• Activity: Within the listing below, give again exactly the lines between the one containing "Civasan Varocobin C" and the one containing "A grande cidade", inclusive, pictures left aside.

• Data under study:
════════

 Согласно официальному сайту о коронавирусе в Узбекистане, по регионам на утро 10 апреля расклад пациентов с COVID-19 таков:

════════

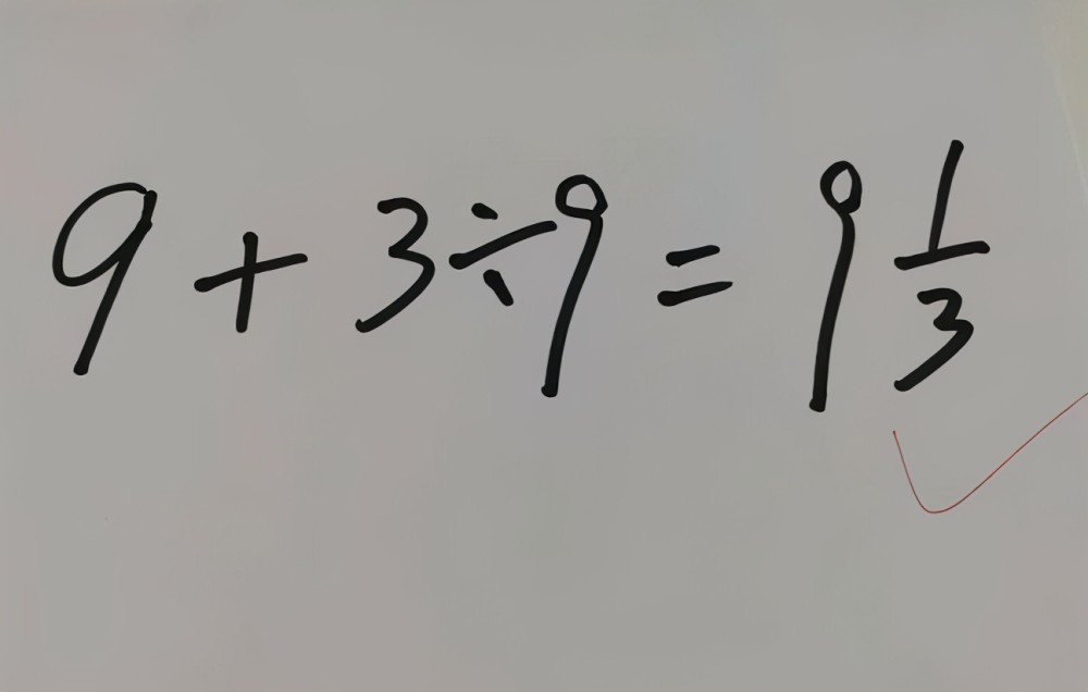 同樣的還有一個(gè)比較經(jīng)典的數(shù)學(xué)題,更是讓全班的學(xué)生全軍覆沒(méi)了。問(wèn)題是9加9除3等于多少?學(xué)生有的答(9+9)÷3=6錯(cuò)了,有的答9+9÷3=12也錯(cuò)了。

════════

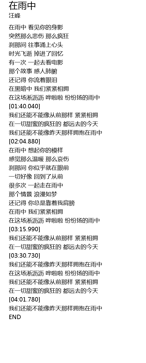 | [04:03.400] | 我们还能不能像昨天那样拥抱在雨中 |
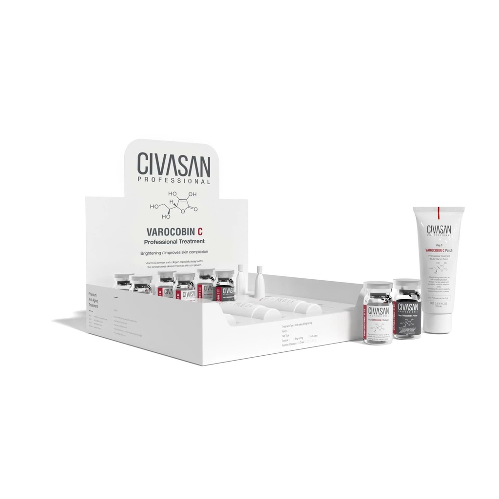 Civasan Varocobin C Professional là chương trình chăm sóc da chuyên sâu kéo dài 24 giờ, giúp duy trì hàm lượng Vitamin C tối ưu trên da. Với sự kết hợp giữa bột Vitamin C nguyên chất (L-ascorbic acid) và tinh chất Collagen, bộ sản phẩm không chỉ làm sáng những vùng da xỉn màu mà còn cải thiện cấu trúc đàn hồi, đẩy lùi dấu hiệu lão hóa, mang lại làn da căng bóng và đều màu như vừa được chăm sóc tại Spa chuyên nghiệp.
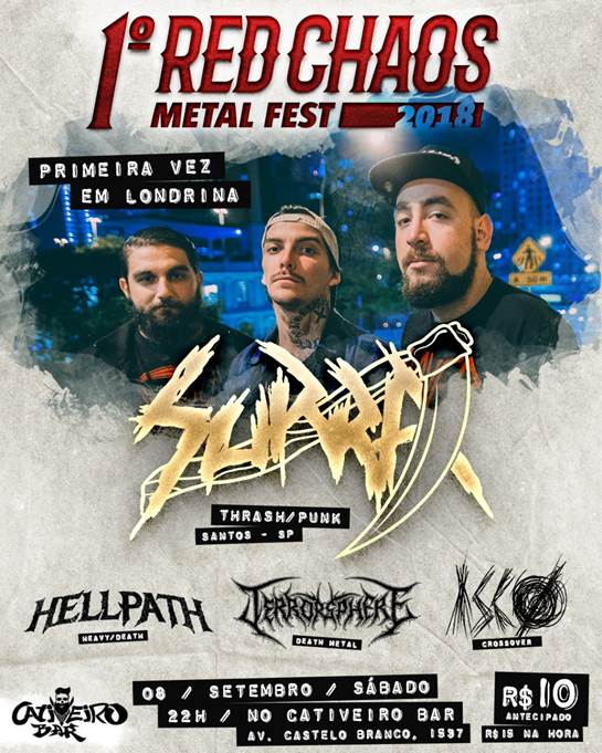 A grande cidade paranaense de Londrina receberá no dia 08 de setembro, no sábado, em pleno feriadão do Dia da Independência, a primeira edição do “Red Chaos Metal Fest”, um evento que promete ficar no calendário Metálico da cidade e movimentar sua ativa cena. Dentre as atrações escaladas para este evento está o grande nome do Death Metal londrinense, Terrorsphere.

════════

• Expected answer:
 Civasan Varocobin C Professional là chương trình chăm sóc da chuyên sâu kéo dài 24 giờ, giúp duy trì hàm lượng Vitamin C tối ưu trên da. Với sự kết hợp giữa bột Vitamin C nguyên chất (L-ascorbic acid) và tinh chất Collagen, bộ sản phẩm không chỉ làm sáng những vùng da xỉn màu mà còn cải thiện cấu trúc đàn hồi, đẩy lùi dấu hiệu lão hóa, mang lại làn da căng bóng và đều màu như vừa được chăm sóc tại Spa chuyên nghiệp.
 A grande cidade paranaense de Londrina receberá no dia 08 de setembro, no sábado, em pleno feriadão do Dia da Independência, a primeira edição do “Red Chaos Metal Fest”, um evento que promete ficar no calendário Metálico da cidade e movimentar sua ativa cena. Dentre as atrações escaladas para este evento está o grande nome do Death Metal londrinense, Terrorsphere.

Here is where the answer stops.